**GIVEN RECORDS**.
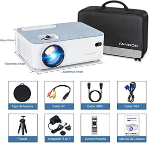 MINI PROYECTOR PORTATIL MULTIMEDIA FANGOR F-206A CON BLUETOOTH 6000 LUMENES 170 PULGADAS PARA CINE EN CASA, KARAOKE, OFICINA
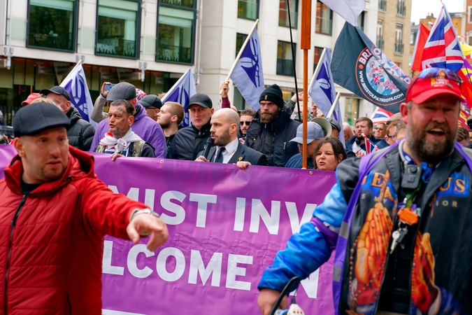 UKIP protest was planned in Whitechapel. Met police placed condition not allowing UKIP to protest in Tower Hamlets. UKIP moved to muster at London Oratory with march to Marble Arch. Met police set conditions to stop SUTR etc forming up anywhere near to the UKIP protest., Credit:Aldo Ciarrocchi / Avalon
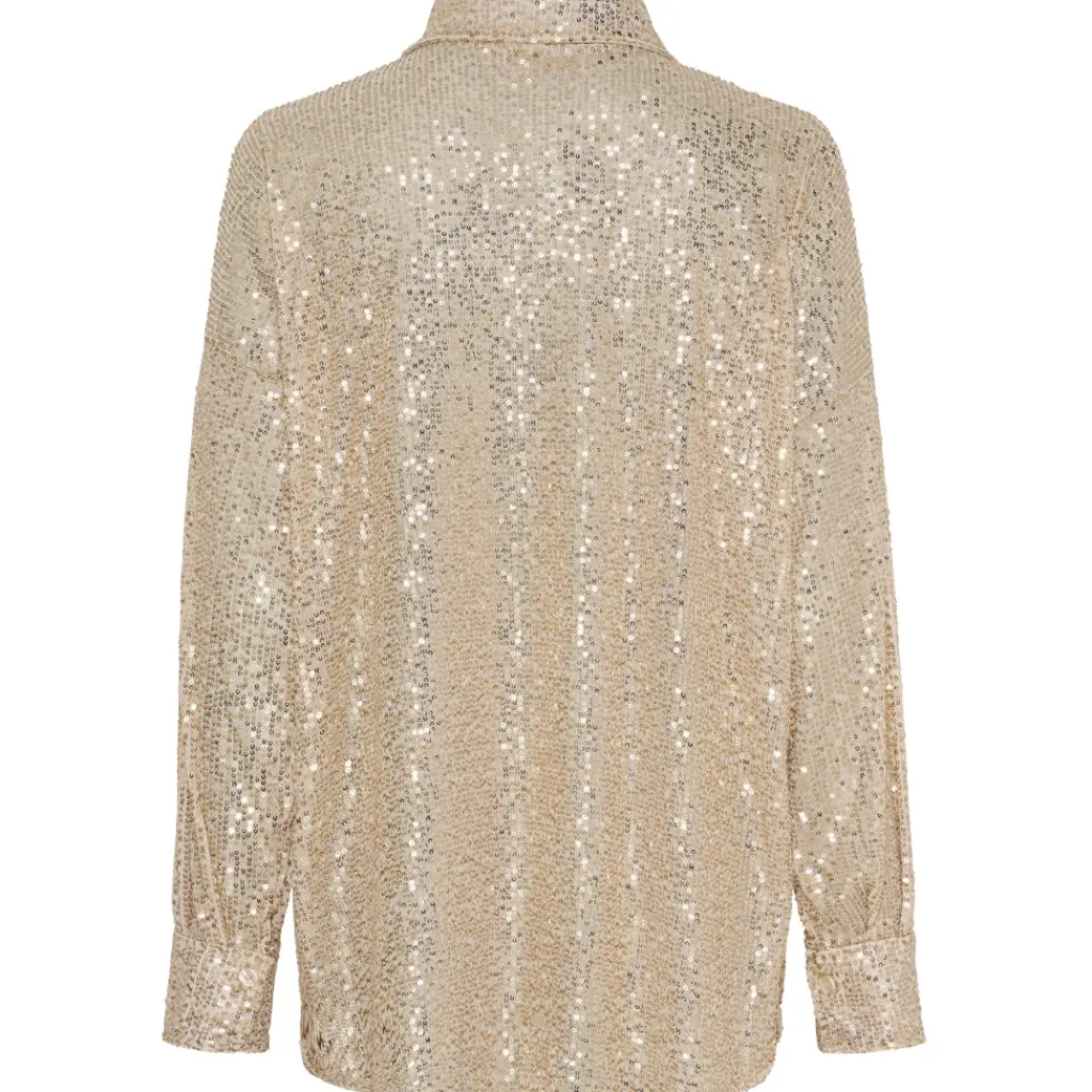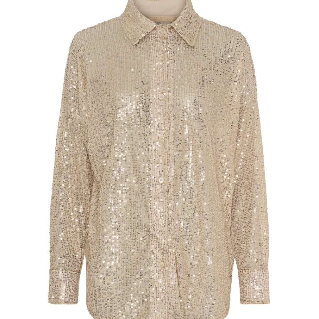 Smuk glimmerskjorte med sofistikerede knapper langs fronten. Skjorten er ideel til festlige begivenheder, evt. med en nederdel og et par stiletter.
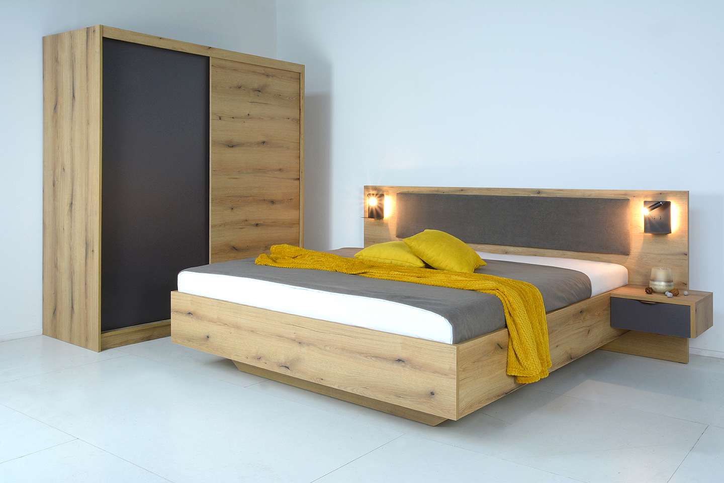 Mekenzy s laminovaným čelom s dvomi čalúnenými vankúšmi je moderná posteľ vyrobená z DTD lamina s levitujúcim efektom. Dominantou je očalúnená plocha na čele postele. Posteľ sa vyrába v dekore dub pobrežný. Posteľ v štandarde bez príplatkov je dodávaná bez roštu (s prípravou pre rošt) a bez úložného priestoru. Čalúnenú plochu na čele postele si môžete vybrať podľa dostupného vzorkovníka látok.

--

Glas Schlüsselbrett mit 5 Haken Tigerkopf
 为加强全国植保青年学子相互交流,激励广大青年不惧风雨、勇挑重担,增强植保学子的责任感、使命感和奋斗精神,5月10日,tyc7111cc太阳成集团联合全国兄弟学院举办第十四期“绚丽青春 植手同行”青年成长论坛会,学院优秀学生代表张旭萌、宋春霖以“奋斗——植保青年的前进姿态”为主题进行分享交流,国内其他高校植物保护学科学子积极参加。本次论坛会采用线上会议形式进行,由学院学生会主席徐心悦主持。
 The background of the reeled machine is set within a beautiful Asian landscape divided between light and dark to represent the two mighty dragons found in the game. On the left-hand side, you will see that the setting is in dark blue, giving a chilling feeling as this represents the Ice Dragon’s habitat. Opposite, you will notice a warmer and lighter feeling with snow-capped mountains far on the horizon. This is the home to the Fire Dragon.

...

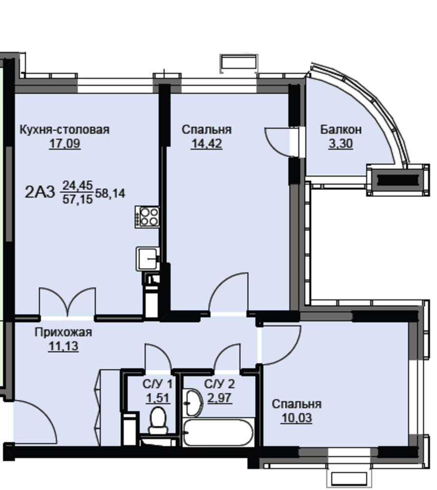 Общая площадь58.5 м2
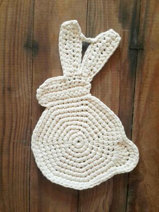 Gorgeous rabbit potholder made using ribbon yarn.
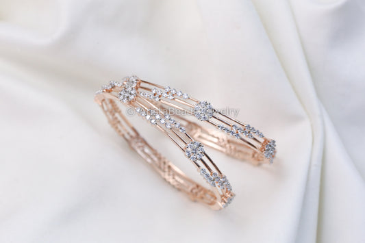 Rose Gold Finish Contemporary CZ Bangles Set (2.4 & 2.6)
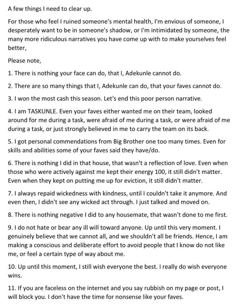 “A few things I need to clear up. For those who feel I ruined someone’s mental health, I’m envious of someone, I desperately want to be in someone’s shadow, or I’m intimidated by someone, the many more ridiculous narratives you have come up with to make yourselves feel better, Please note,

**TASK DETAILS**.
Take from the material above the lines running from the one with "为加强全国植保青年学子相互交" through the one with "The background of", and repeat them exactly, with nothing else.

**RESPONSE BELOW**.
 为加强全国植保青年学子相互交流,激励广大青年不惧风雨、勇挑重担,增强植保学子的责任感、使命感和奋斗精神,5月10日,tyc7111cc太阳成集团联合全国兄弟学院举办第十四期“绚丽青春 植手同行”青年成长论坛会,学院优秀学生代表张旭萌、宋春霖以“奋斗——植保青年的前进姿态”为主题进行分享交流,国内其他高校植物保护学科学子积极参加。本次论坛会采用线上会议形式进行,由学院学生会主席徐心悦主持。
 The background of the reeled machine is set within a beautiful Asian landscape divided between light and dark to represent the two mighty dragons found in the game. On the left-hand side, you will see that the setting is in dark blue, giving a chilling feeling as this represents the Ice Dragon’s habitat. Opposite, you will notice a warmer and lighter feeling with snow-capped mountains far on the horizon. This is the home to the Fire Dragon.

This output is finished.